By Agnieszka Flak
TURIN Italy (Reuters) - FIAT (F.IT)
Fiat Chief Executive Sergio Marchionne completed the full buyout of Chrysler earlier this year and wants to incorporate the two as a Dutch-registered combine, Fiat Chrysler Automobiles (FCA).
The motion to create FCA was approved by the required two-thirds majority of shareholders present.
However, around 8 percent of all of Fiat's investors voted against the merger and should enough of them exercise their rights to sell out, the merger could still fail or at least be delayed, according to a condition set out as part of the merger.
Marchionne is counting on the merger and the U.S. listing to help foot the bill for a bold 48 billion euro ($64 billion) plan to grow net profit five-fold and sales by 60 percent by 2018 by gaining access to a larger pool of capital resources.
Marchionne helped rescue Chrysler in 2009 and turned the U.S. firm into a key profit centre for Fiat, although quarterly results released on Wednesday disappointed.
The merger plan has raised concerns it would tighten the grip on the company by main shareholder Exor
The creation of FCA will help Marchionne ease his reliance on Europe where thousands of Fiat's Italian workers are still on state-backed temporary lay-off schemes, highlight its gains in the United States and could convince investors that FCA can rival General Motors
"With today's meeting begins the future of our company," Chairman John Elkann, the grandson of late Fiat patriarch Gianni Agnelli, said at the start of the last shareholder meeting likely to be held in Italy.

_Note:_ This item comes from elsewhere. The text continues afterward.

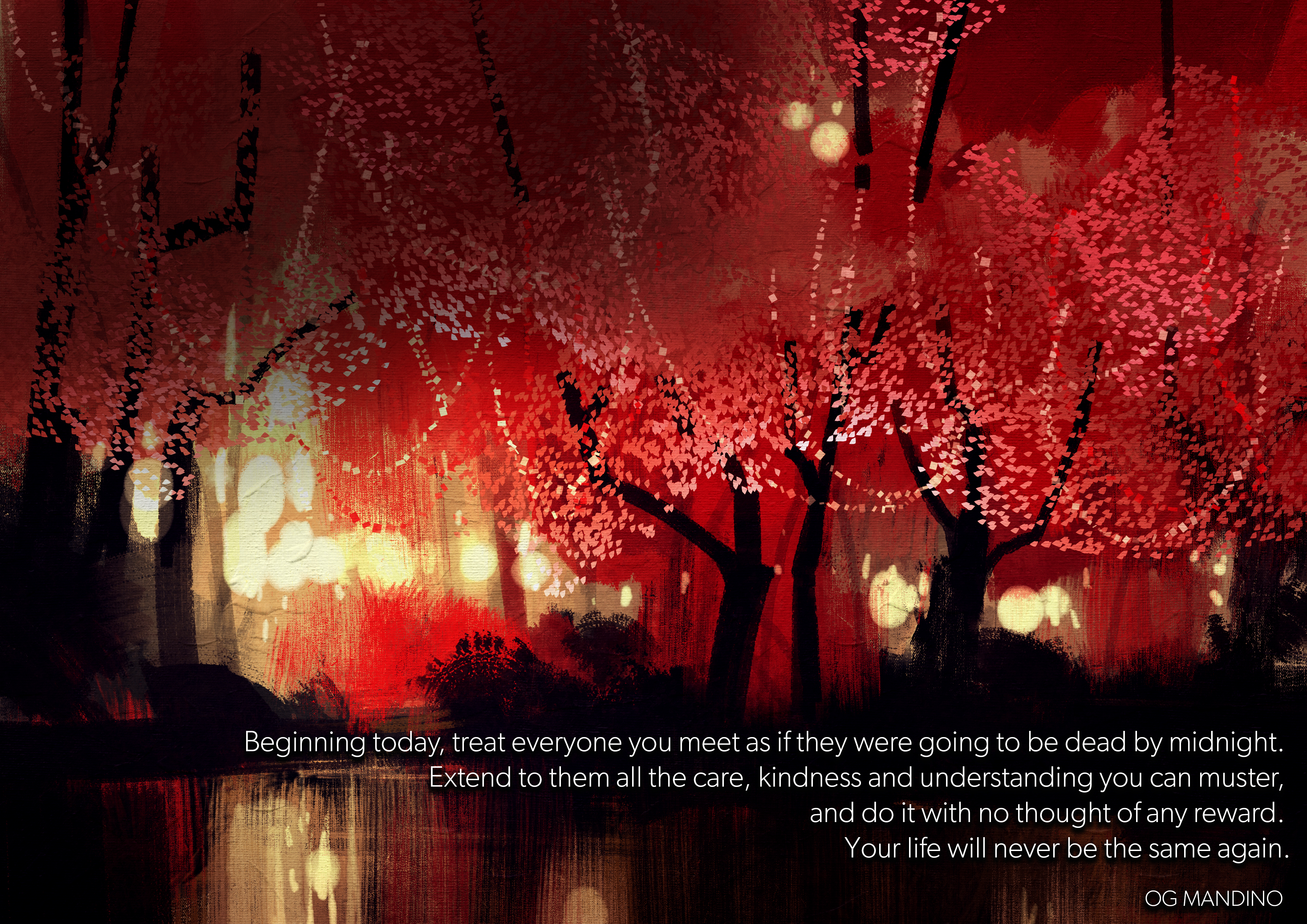 Beginning today, treat everyone you meet as if they were going to be dead by midnight. Extend to them all the care, kindness and understanding you can muster, and o it with no thought of any reward. Your life will never be the same again. -O. G. Mandino

FCA is expected to be headquartered in London and have its tax domicile in Britain, Fiat has said, cementing a politically-sensitive shift away from Italy, its home of the past 115 years.
Fiat, considered by many as an Italian national champion, is one of the country's main employers, with 62,000 staff there.
Many are still on temporary layoff schemes as plants have been running at low capacity after car sales in Italy and Europe fell to historic lows and are only slowly being ramped up.
Italian labour unions and politicians have been concerned about potential job cuts, but Fiat said the merger would have no impact on jobs in Italy or elsewhere.
EXIT RIGHTS
Investors will receive one FCA share for each Fiat share they hold. Most will also be eligible for special voting shares, which will not be listed or traded.
Investors who voted against the merger are entitled to cash exit rights of 7.727 euros per share. Should the total sum that needs to be paid for those rights to shareholders and creditors exceed 500 million euros, the merger will fail, Fiat has said.
Marchionne said he would try again if that occurred, but the process would be much delayed.
The creation of FCA will not lead to significant operational cost savings or synergies, Fiat has said, and failure to get the final OK for the tie-up would have little operational impact.
However, a rejection would likely "prove embarrassing for Marchionne and may result in higher financing costs going forward," Arndt Ellinghorst, a London-based analyst at investment researchers ISI Group, said in a note.
Marchionne said on Friday he and Elkann were confident the merger would go through, despite proxy advisory firms ISS and smaller peer Frontis Governance saying it would reduce shareholder rights and boost Exor's influence.
Another such firm, Glass Lewis, said the move's benefits outweighed the risks and on balance it was "in the best interests of shareholders".
Exor owns 30 percent of Fiat, but its voting power could rise to as much as 46 percent via the loyalty scheme put in place as part of the merger to reward long-term investors.
Elkann confirmed his family's commitment to Fiat, "even more so now that there are big opportunities on the horizon", denying rumours that the Agnellis would sell down their stake.